Opal-crowned Tanager forages in the canopy (Parker et al. 1996). They hop along tree limbs while using the diagonal lean method for insect foraging (Hilty and Brown 1986, Isler and Isler 1987). At a Ficus tree in southeastern Peru, Tello (2003) observed them feeding on the fruit of the tree from perches and described their fruit handling method as "mash" (ingesting the pulp and juice and dropping the remains).
There are no published data on territorial defense, maintenance, or home range size for Opal-crowned Tanager. At one site in southeastern Peru, the density of these tanagers was estimated at 2 individuals/100 ha (Terborgh et al. 1990).
Undescribed; presumably Opal-crowned Tanager is at least socially monogamous.

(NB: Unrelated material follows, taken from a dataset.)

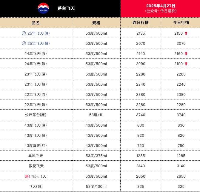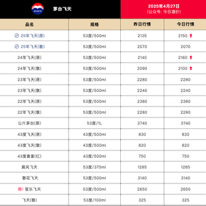 今日酒价披露的批发参考价显示,4月27日,25年飞天茅台原箱较前一日上涨15元,报2150元/瓶。24年飞天茅台原箱较前一日上涨20元,报2160元/瓶;24年飞天茅台散瓶较前一日上涨10元,报2100元/瓶。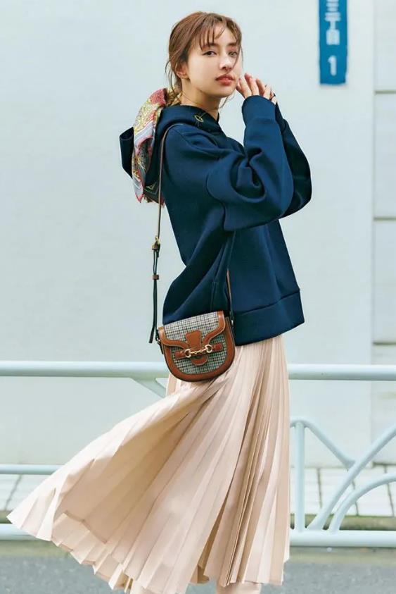 藏藍色的連帽衛衣,這個色調可是很百搭時髦呢,寬鬆的版型,穿得舒適自在又顯瘦,下身搭配一條藕粉色半裙,這樣的穿搭可是很符合現代女性們的着裝要求,有種柔美卻不失氣質感,毫不費力就可以穿出時髦氣質,頭上的絲巾點綴,將女性的東方雅緻呈現出來,清新又自然。

Social and interspecific behavior
Opal-crowned Tanagers generally are seen singly or sometimes in groups of two or three; less commonly, they have been observed to be in groups of up to seven individuals (Isler and Isler 1987). They also regularly join mixed species flocks (Isler and Isler 1987). Munn (1985) observed Opal-crowned Tanagers in temporary flocks with other species of Tangara and Dacnis in Amazonian Peru. In these temporary groups, Paradise Tanager (Tangara chilensis) generally was the leading species with any combination of local Tangara and Dacnis species, often including two to eight individuals of Opal-crowned Tanager. These groups were nonpermanent and sometimes joined the permanent canopy flocks in the area for short feeding bouts (Munn 1985).
There are no reports of predation on Opal-crowned Tanager?